Data provided:
:::::

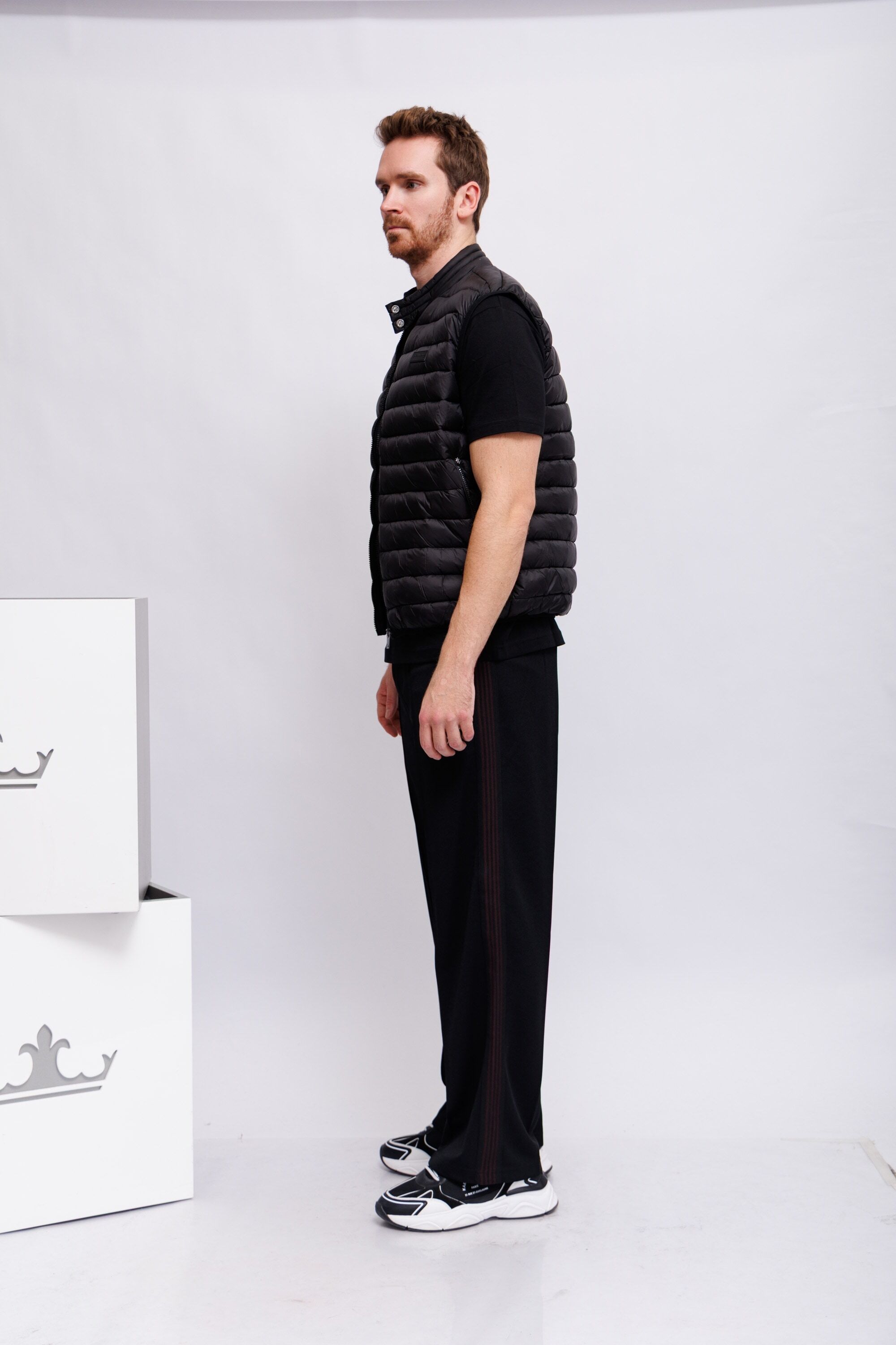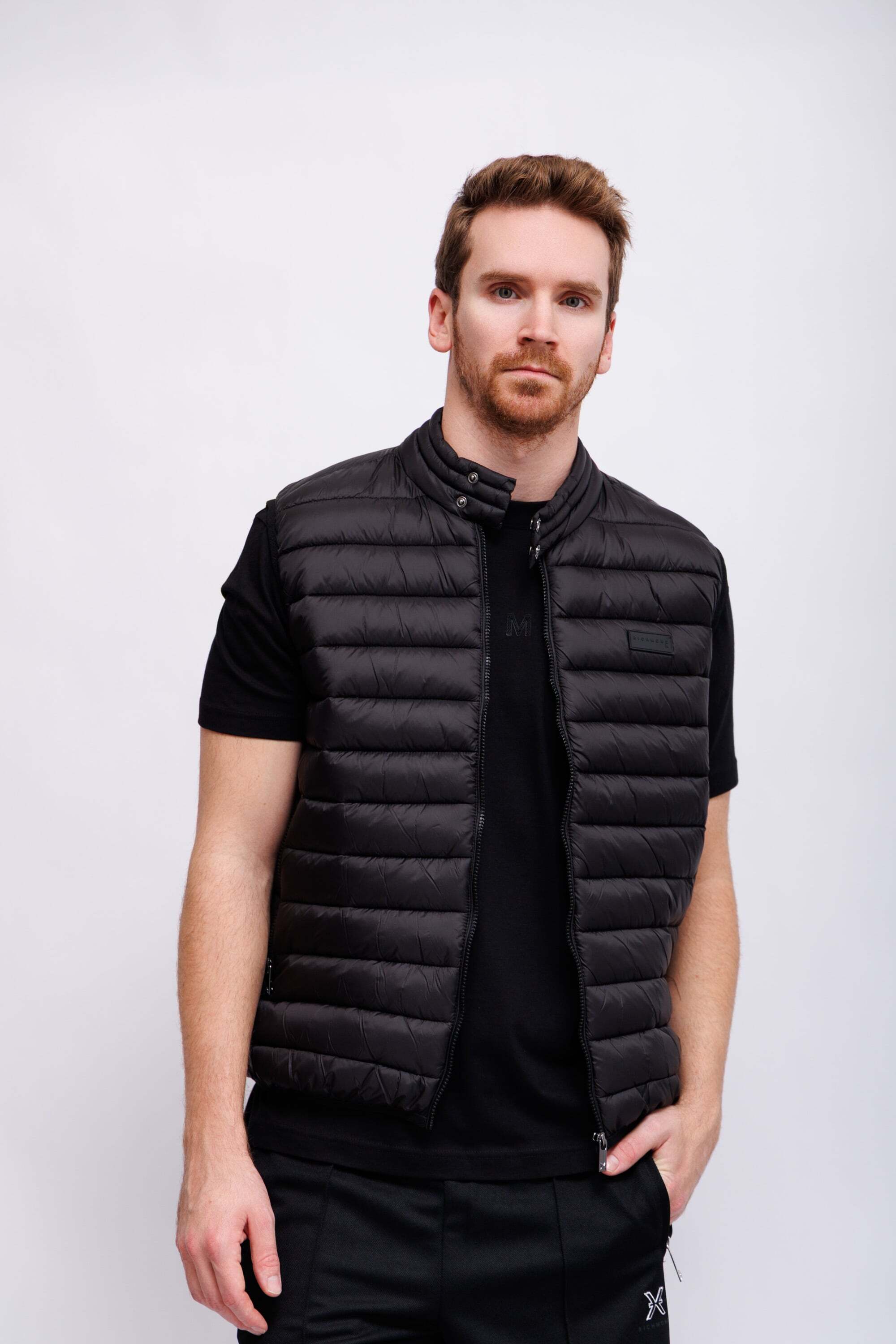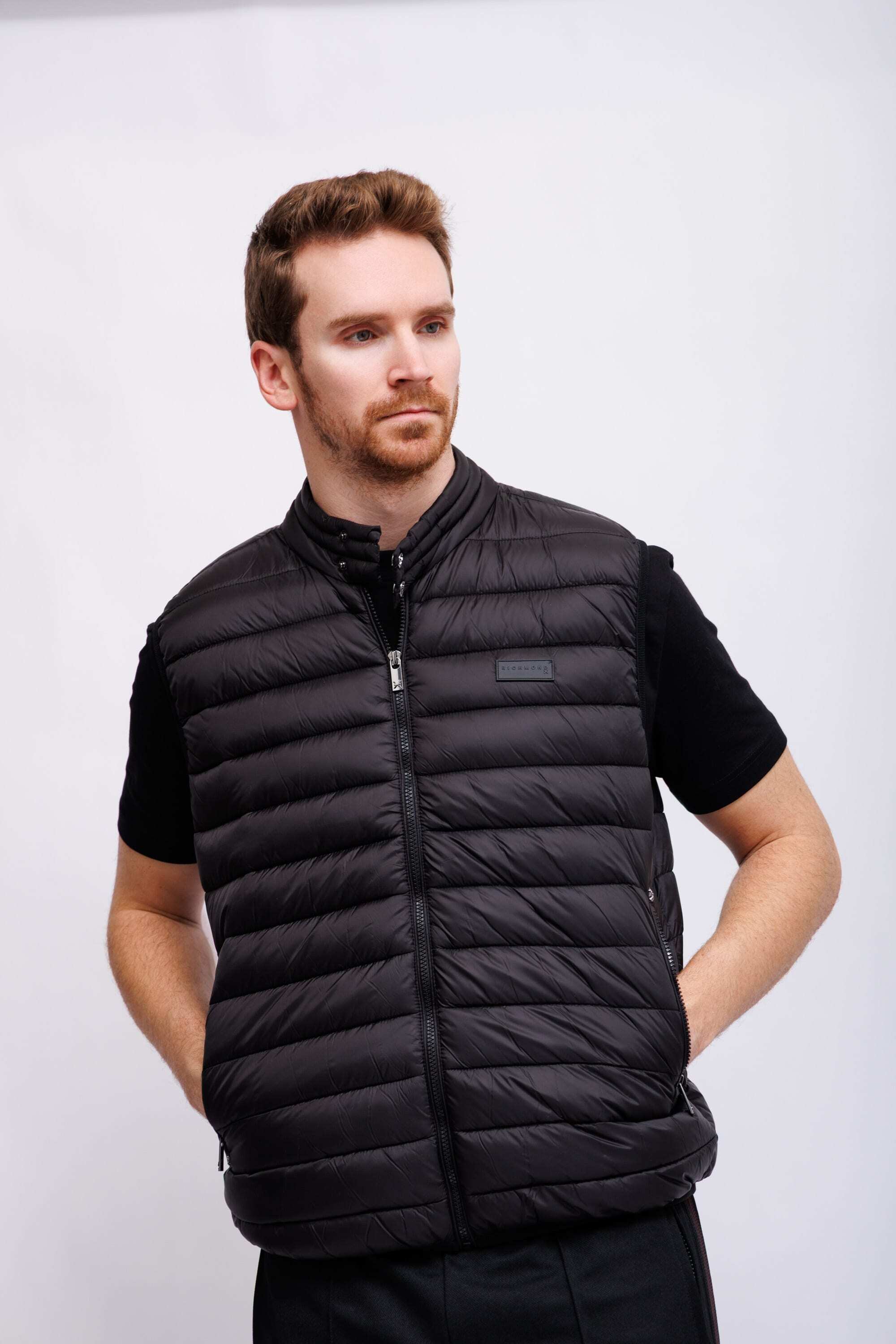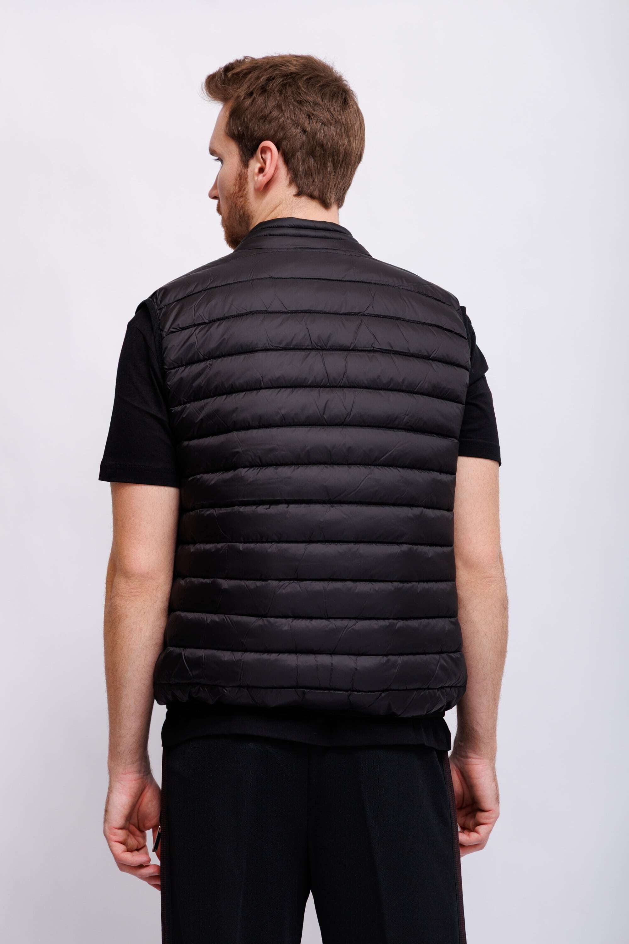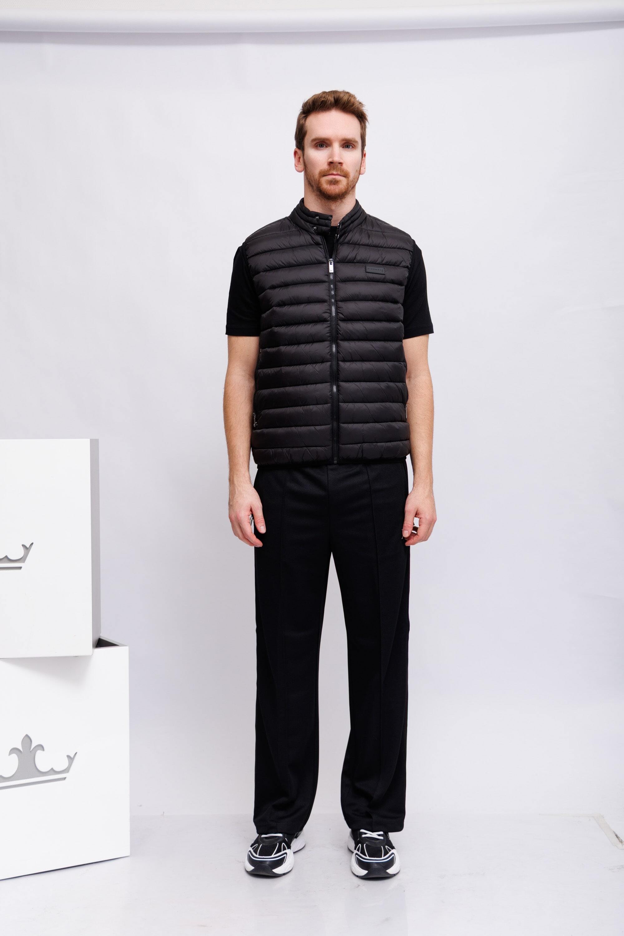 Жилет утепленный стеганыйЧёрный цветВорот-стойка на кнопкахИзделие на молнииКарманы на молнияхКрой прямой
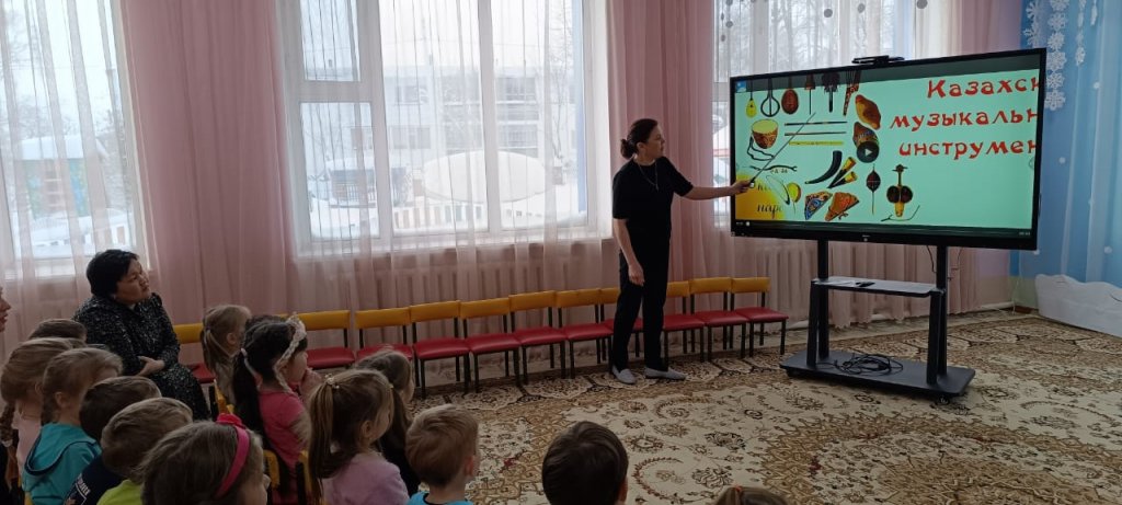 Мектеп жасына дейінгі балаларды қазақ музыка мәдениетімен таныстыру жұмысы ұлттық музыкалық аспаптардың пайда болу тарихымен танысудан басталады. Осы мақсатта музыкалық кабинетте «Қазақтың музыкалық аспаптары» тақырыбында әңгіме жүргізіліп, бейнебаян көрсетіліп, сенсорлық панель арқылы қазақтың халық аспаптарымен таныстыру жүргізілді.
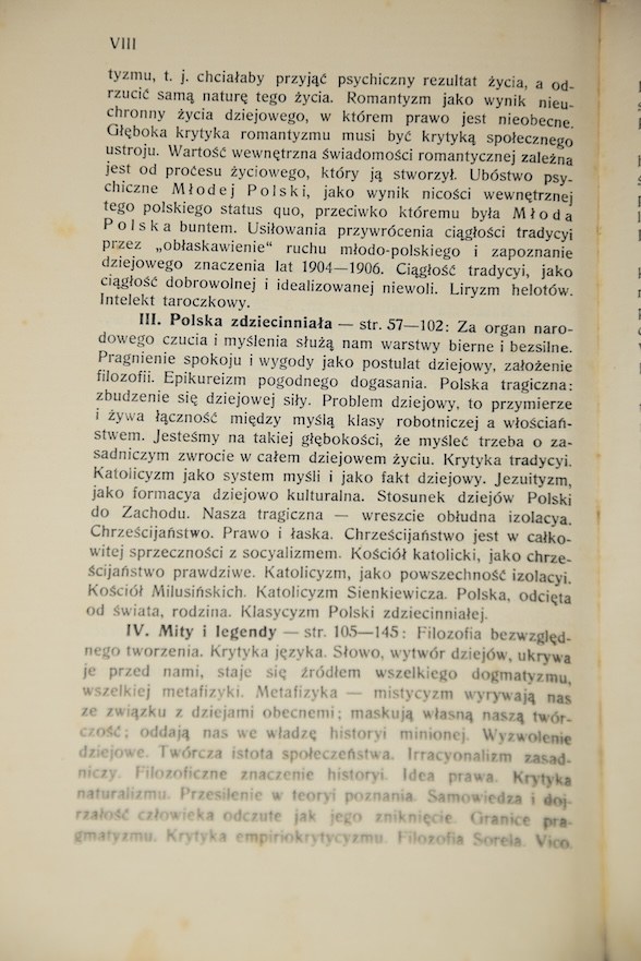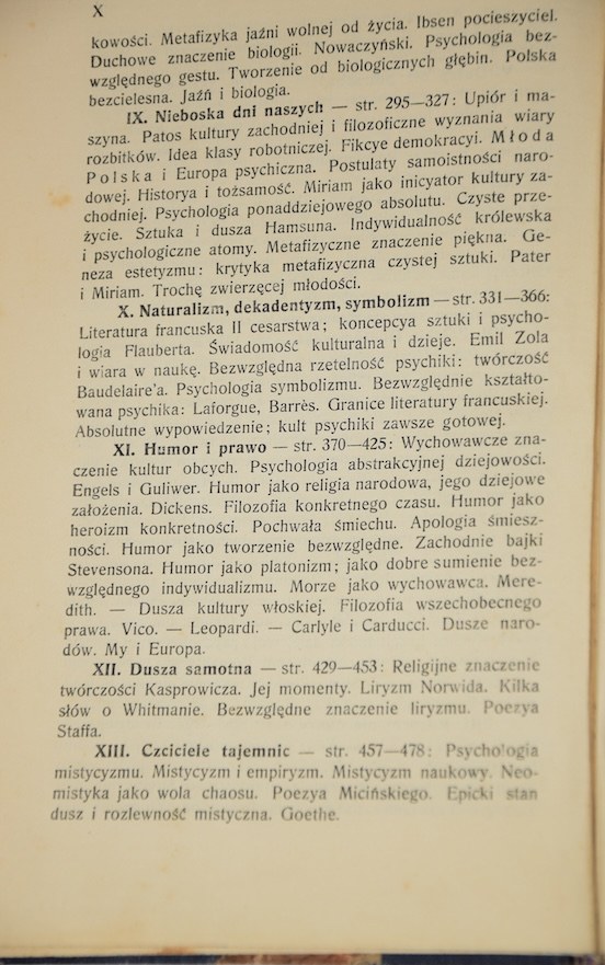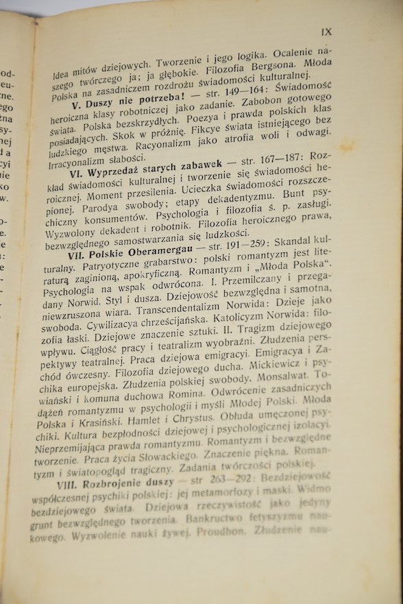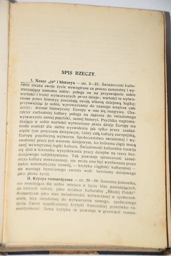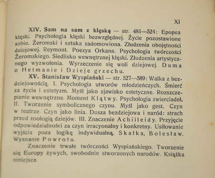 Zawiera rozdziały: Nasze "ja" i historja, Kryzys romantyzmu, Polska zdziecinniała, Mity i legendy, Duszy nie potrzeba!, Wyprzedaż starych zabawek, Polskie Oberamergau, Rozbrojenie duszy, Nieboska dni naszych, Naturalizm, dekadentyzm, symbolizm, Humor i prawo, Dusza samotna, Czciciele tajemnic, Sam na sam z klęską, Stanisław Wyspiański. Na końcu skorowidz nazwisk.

:::::

Every line of the data above should be quoted exactly. Omit the pictures.

Solution:
 Жилет утепленный стеганыйЧёрный цветВорот-стойка на кнопкахИзделие на молнииКарманы на молнияхКрой прямой
 Мектеп жасына дейінгі балаларды қазақ музыка мәдениетімен таныстыру жұмысы ұлттық музыкалық аспаптардың пайда болу тарихымен танысудан басталады. Осы мақсатта музыкалық кабинетте «Қазақтың музыкалық аспаптары» тақырыбында әңгіме жүргізіліп, бейнебаян көрсетіліп, сенсорлық панель арқылы қазақтың халық аспаптарымен таныстыру жүргізілді.
 Zawiera rozdziały: Nasze "ja" i historja, Kryzys romantyzmu, Polska zdziecinniała, Mity i legendy, Duszy nie potrzeba!, Wyprzedaż starych zabawek, Polskie Oberamergau, Rozbrojenie duszy, Nieboska dni naszych, Naturalizm, dekadentyzm, symbolizm, Humor i prawo, Dusza samotna, Czciciele tajemnic, Sam na sam z klęską, Stanisław Wyspiański. Na końcu skorowidz nazwisk.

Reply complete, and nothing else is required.